Spain’s largest hotel chain, Melia, reported a 24% rise in full-year profit on Wednesday thanks to higher prices at its luxury resorts.
Melia’s annual net income of 200.2 million euros ($236 million) beat analyst expectations of 151.23 million euros in an LSEG forecast.
Revenue per room rose by 5.4% last year, down from 11% growth in 2024, but room rate increases played a bigger part in the company’s revenue than occupancy, Melia said.
Melia, which has focused on opening luxury hotels, expects room rates at its Spanish resorts to rise by about 5% this year, in line with revenue, CEO Gabriel Escarrer said last month.

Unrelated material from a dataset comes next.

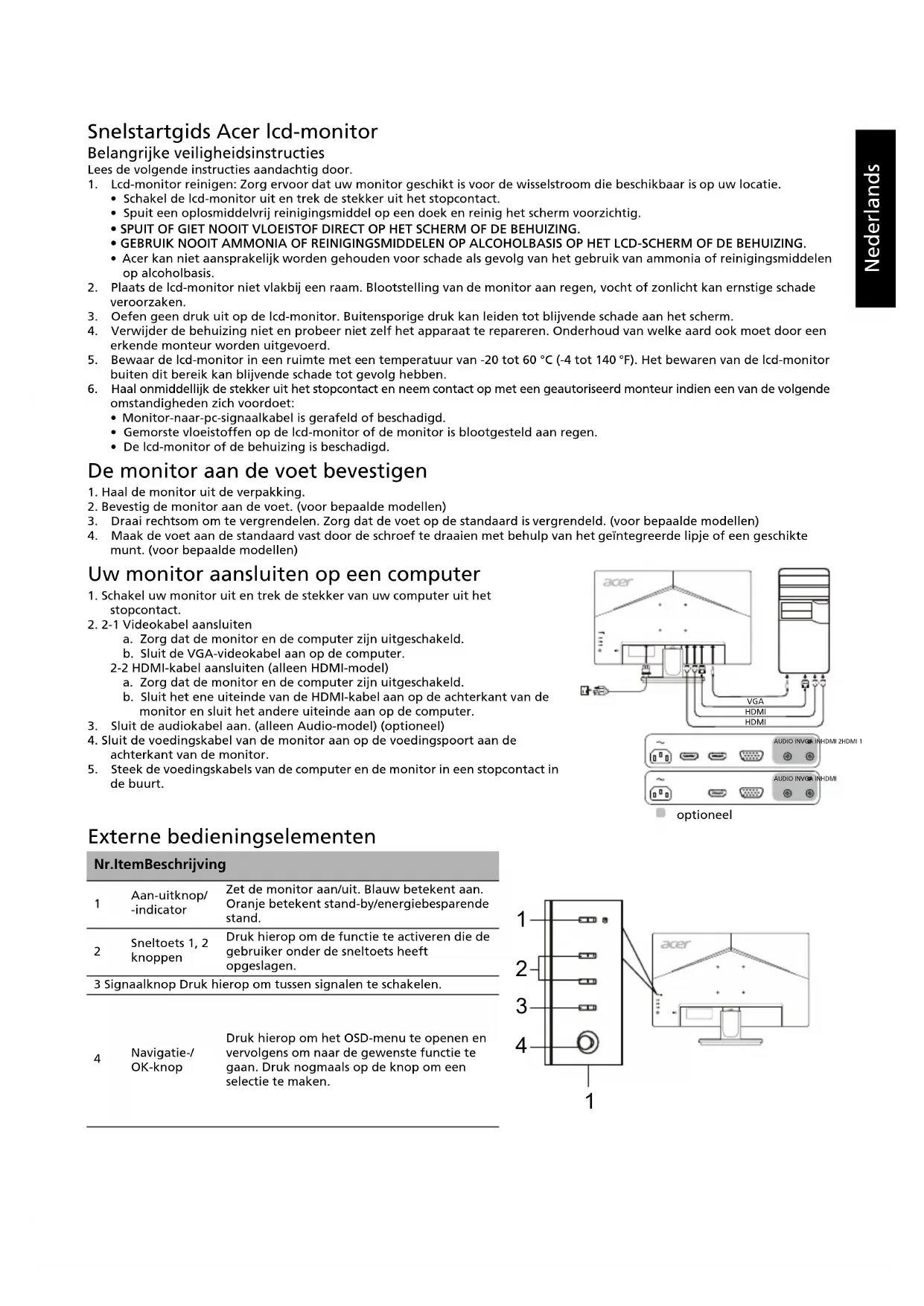 (Tipica) Contrasto 100000000:1 Max (ACM) Angolo di visualizzazione 178° (O) 178° (V) (CR=10) Tempo di risposta 1 ms (VRB) Video Interfaccia analogica R, G, B Tipo di pannello VA Frequenza H 30 - 85 kHz Frequenza V 56 - 76 Hz Colori del display 16,7 milioni Dot Clock 174,5 MHz Risoluzione massima VGA: 1920 x 1080 @ 75 Hz HDMI: 1920 x 1080 @ 75 Hz Plug & Play VESA DDCCI/DDC2B Consumo energetico (a 200 nits) Modalità on 26 W Modalità sospensione 0,5 W Modalità off 0,3 W Connettore di ingresso D-Sub HDMI (solo nei modelli con ingresso HDMI) Segnale video in ingresso Analogico: 0,7 Vp-p (standard), 75 OHM, Positivo HDMI (solo nei modelli con ingresso HDMI) (Opzionale) Altoparlanti 2 W x 2 (solo nei modelli con ingresso audio) (Opzionale) Dimensione massima dello schermo Orizzontale: 597,6 mm Verticale: 336,1 mm Fonte di alimentazione 100-240V, 50/60 Hz Considerazioni ambientali Temperatura operativa: Da 0° a 40 °C Temperatura di stoccaggio: Da -20° a 60 °C Umidità operativa: Da 20% a 80% Dimensioni 614,3 (L) x 440,62 (A) x 248,98 (P) mm Peso (N. W.) 5,4 kg (netto) Specifiche meccaniche Inclinazione: Da -5° a +20° Rotazione: No Regolazione dell'altezza: No Perno: No Piedistallo scollegabile: Sì Controlli esterni Switch/Pulsanti Pulsante di alimentazione Tasto 1 Tasto 2 Input Menu/Navigazione/OK Funzioni Luminosità Contrasto Spia blu Potenz. nero ACM Nitidezza alta O.Posizione (solo nei modelli con ingresso analogico) V.Posizione (solo nei modelli con ingresso analogico) Orologio (solo nei modelli con ingresso analogico) Nitidezza (solo nei modelli con ingresso analogico) Autoregolazione (solo nei modelli con ingresso analogico) Gamma Temp. Colore Modalità Mod sRGB Scala di grigi Tonal. 6 assi Satur. 6 assi Volume Mute Over Drive FreeSync Num freq aggiorn VRB Lingua Intervallo OSD Trasparenza Blocco OSD Input Origine auto Assegnazione tasti Schermo intero DDC/CI Liv nero HDMI Mod Avvio rapido Informazioni sul display Ripristina tutto Uscita Le specifiche variano a seconda della regione e/o del modello.Nederlands Snelstartgids Acer lcd-monitor Belangrijke veiligheidsinstructies Lees de volgende instructies aandachtig door.

Spain, the company’s main market, is expected to help to offset weaker sales in the Caribbean, with the world’s second-most visited country behind France on track to receive close to 100 million visitors in 2026.
Melia said bookings are up 11% from a year ago, even though Spanish airport operator Aena said on Wednesday that it expects the number of passengers travelling through its airports in Spain to grow at a slower pace than last year.
Melia’s hotels in Cuba and Mexico could be affected by economic and political crises in those countries, the company said in a statement.
Melia, the largest hotel chain in Cuba, closed three of its 30 hotels in the country to focus on better-equipped properties.
In Mexico, operations have not been affected by the violence that erupted hours after the killing of Mexican drug lord Nemesio Oseguera, the company said, adding that the outlook for 2026 could be affected in the short term.